For me, the term “broken home” is ugly. If something is broken, we have roughly three options in dealing with it: we can leave it as is and manage it; we can fix it; or we can get rid of it.

This approach works for things we own, zippers on your dress, mugs e.t.c But how does one term an individual as coming from a ‘broken’ home? Why does society allow that stigma to lie over the heads of someone when the fact that their mother and father choose no longer to be together is completely our of their control? I feel sorry for children who have to deal with this.

This follows on to later life when its time to choose a spouse and you’re judged on that, seemingly people of this school of thought and mindset put out there that children of broken homes, lack the values, morals needed to sustain a marriage.

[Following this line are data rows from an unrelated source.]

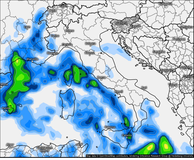 La mappa elaborata dall’intelligenza artificiale ci segnala e conferma che le aree nelle quali potrebbe piovere saranno proprio quelle comprese fra Sardegna e Sicilia, con possibile coinvolgimento della Calabria:
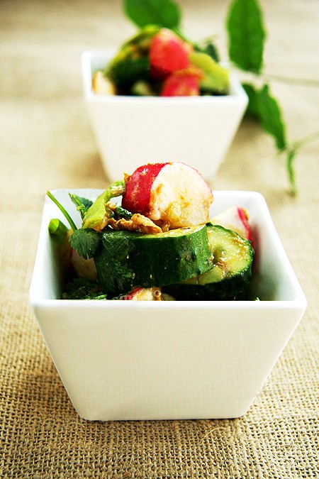 1、黄瓜、水萝卜拍段、尖椒用手掰成小片、香菜、香葱切成小段、蒜切片,一起放入盆中;
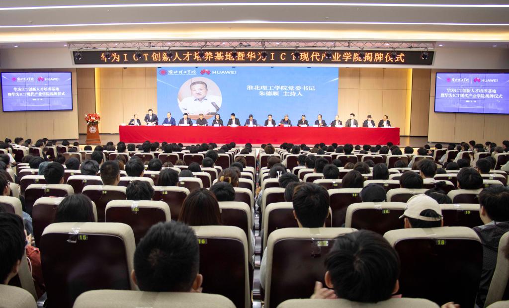 为积极探索校企合作、产教融合的新模式与新路径,增强学校人才培养对区域经济发展的服务能力,5月10日下午,beat365官网举行华为ICT创新人才培养基地暨华为ICT现代产业学院揭牌仪式。中国科培教育集团董事长叶念乔、首席运行官张湘伟、集团高级主管舒丽萍等集团领导;华为安徽政企总经理石斌,华为安徽政企副总经理、beat365唯一官方网站-华为ICT现代产业学院副院长李雨涛等企业代表;beat365唯一官方网站董事长查东辉、校长杨兵、党委书记朱德顺等校领导,相关部门和二级学院主要负责人以及师生代表参加揭牌仪式,揭牌仪式由朱德顺主持。

People not only look down on you because you come from a broken home, many have the belief that it has an impact on future romance – that something must be wrong with you.

The end of marriage is always traumatising, and a sensitive time for everyone involved. However, I read in shock, OAP Freeze’s statement on his marriage and I quote: ‘Ope was raised by a single mother who had seven children from three different fathers. Everyone discouraged the relationship pointing out her mother’s situation and warning me that this might lead to a character flaw in Ope but what did I know?’

First of all, it wasn’t fair of him to put this information out there like that. Secondly, is he and everyone who warned him correct to suggest that Ope may have character flaws because of her mother’s situation?

You hear of women blaming the quarrel with their husbands, on the fact of the parents being divorced – believing that his family history is the main impact on their failing relationship.

Marriage is hard work. There is a physiological implication when you didn’t grow up with both parents. But we are each the architect of our own lives. Many people who didn’t grow up with a Mum and Dad together, choose and fight for a different story for themselves. People don’t want the repetition of his/her parents’ situation.

Personally, I look at it like this, some individuals make better wives/husbands when their parents haven’t been together in the same way individuals from poorer homes hustle harder to make a better life for themselves. Some of my friends, who didn’t have as much as me growing up, ended up being better financial managers than me. It’s the same theory here.

Betty Irabor, in her Morning Dew talks of her father leaving the family home when she was a young girl. Look at her today, she’s been married for 33 years, and celebrated yesterday! Congrats! In her case, the theory of your parents’ separation having a direct effect on the longevity of own future relationship with your spouse is disproved.

Peoples’ misconceptions on this topic are alarming. Broken homes are the product of wrong choices and mistakes of parents and shouldn’t be blamed or used to judge the children involved.

My thoughts on this are that it is not a one glove fits all situation. There are no rules to this. It is not a case of nature versus nurture. We as humans are complex, and we all have different dispositions regardless.

I’d be interested to read other views on this topic.